Data analysis and statistics
All data are expressed as mean ± SEM unless otherwise stated. Significant differences were determined by Student's t test (two-tailed) and/or one- or two-way ANOVA with Bonferroni test as appropriate using GraphPad Prism 9. Normality was checked with D'Agostino & Pearson test. When a normality test failed, the Kruskal–Wallis test was used. N refers to number of animals, and n indicates number of cells or afferent units. p < 0.05 was considered significant. p values of the post hoc multiple comparisons (if applicable) are listed in figure legends. Experiments and analysis were not performed blindly.
Results
CB1R activation decreased colonic nociceptive signaling in healthy mice
To examine the analgesic effect of CB1R activation on visceral pain in vivo, a highly specific CB1R agonist ACEA (Hillard et al., 1999) was injected intraperitoneally into conscious mice 20 min before assessment of the VMR to CRD. ACEA dose-dependently decreased VMR (Fig. 1A,B; F(3,18) = 14.55, p < 0.0001, two-way repeated-measures ANOVA with Bonferroni test, N = 7 mice) with significant differences at 80 µl distention at 1 mg/kg (p = 0.0068) and 3 mg/kg (p < 0.0001). In ex vivo extracellular recordings, superfusion of ACEA (1 and 10 µm) significantly reduced afferent nerve mechanosensitivity compared with superfusion of vehicle (Fig. 1D; 1 µm: F(3,24) = 3.317, p = 0.0369, n = 9 units, N = 5 mice; 10 µm: F(3,21) = 5.972, p = 0.0041, n = 8 units, N = 5 mice, respectively, one-way repeated-measures ANOVA with Bonferroni test for both). A lower concentration of ACEA (100 nm) had no effect on mechanosensitivity (F(3,18) = 0.2470, p = 0.8624, n = 7 units, N = 5 mice, one-way repeated-measures ANOVA). Superfusion of another CB1R agonist HU-210 (1 µm) caused significant inhibition of mechanosensitivity compared with vehicle (Fig. 1E; F(3,24) = 4.799, p = 0.0093, one-way repeated-measures ANOVA with Bonferroni test, n = 10 units, N = 6 mice); lower concentrations (10 and 100 nm) had no effect (F(3,30) = 0.1908, p = 0.9018, n = 11 units, N = 5 mice; F(3,28) = 1.865, p = 0.1584, n = 10 units, N = 7 mice, respectively, one-way repeated-measures ANOVA). In agreement with the afferent nerve recordings, HU-210 concentration-dependently decreased the excitability of DRG neurons (Fig. 1F,G; F(3,45) = 4.584, p = 0.0070, n = 10-15 neurons, N = 6 mice, one-way ANOVA with Bonferroni test), with a significantly increased rheobase observed after a 30 min incubation with HU-210 1 µm (p = 0.0440) and 10 µm (p = 0.0047). This inhibitory effect of HU-210 (10 µm) was blocked by a specific CB1R antagonist, AM-251 (1 µm) (Trang et al., 2007) (Fig. 1H; F(2,33) = 6.801, p = 0.0034, one-way ANOVA with Bonferroni test, n = 11-13 neurons, N = 5 mice).

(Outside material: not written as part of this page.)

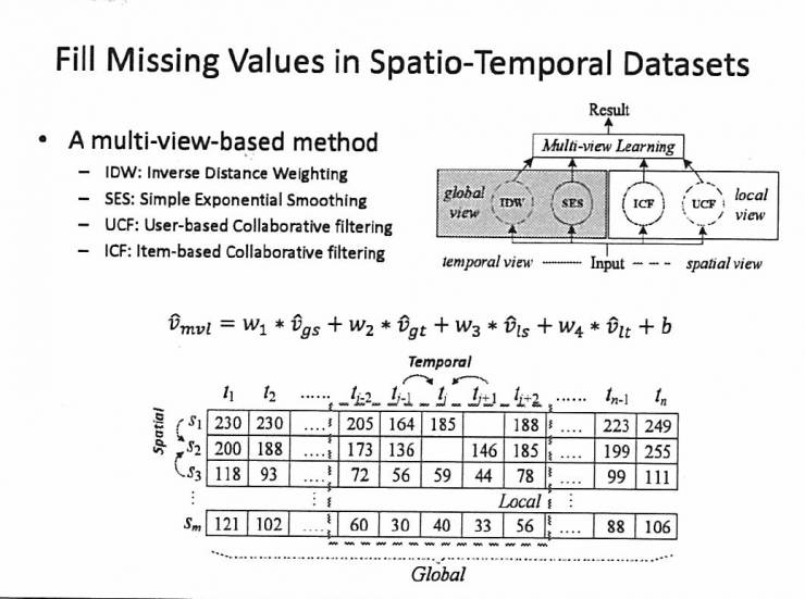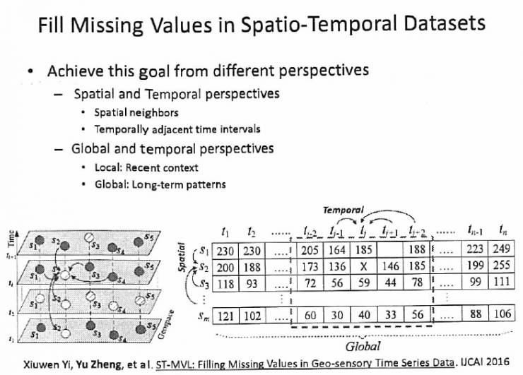 我们怎么做呢?我们基本上就是利用缺失点时序以及空间邻居的数据,一起来把这个数据填满,而不是仅仅只看自己的时间临近值。至于怎么用、怎么填是有讲究的,是用前一小时的数据还是用周边的数据,这个其实是比较难决策的过程。

CB2R activation did not decrease colonic nociceptive signaling
In contrast to the CB1R agonist, the CB2R agonist HU-308 did not reduce VMR to CRD (Fig. 2A; F(3,21) = 1.255, p = 0.3151, two-way ANOVA, N = 8), with 3 mg/kg HU-308 having a tendency to increase VMR. Superfusion of the CB2R agonist HU-308 (1 and 10 µm) did not alter colonic afferent nerve mechanosensitivity compared with vehicle (Fig. 2B). This effect was mirrored by another specific CB2R agonist, JWH-133 (Huffman et al., 1999), where 1 and 10 µm concentrations had no effect on colonic afferent nerve mechanosensitivity compared with vehicle (Fig. 2C). In patch-clamp recordings, neither HU-308, nor JWH-133, attenuated DRG neuron excitability; a higher concentration of HU-308 (10 µm) increased DRG neuron excitability (Fig. 2D; F(3,38) = 5.941, p = 0.0020, one-way ANOVA with Bonferroni test, n = 10 or 11 neurons, N = 5 mice). JWH-133 had no significant effect on rheobase (Fig. 2E; F(3,40) = 0.7058, p = 0.5542, one-way ANOVA with Bonferroni test, n = 10-13 neurons, N = 5 mice). Together, CB2R agonists did not have an analgesic effect on colonic nociceptive signaling.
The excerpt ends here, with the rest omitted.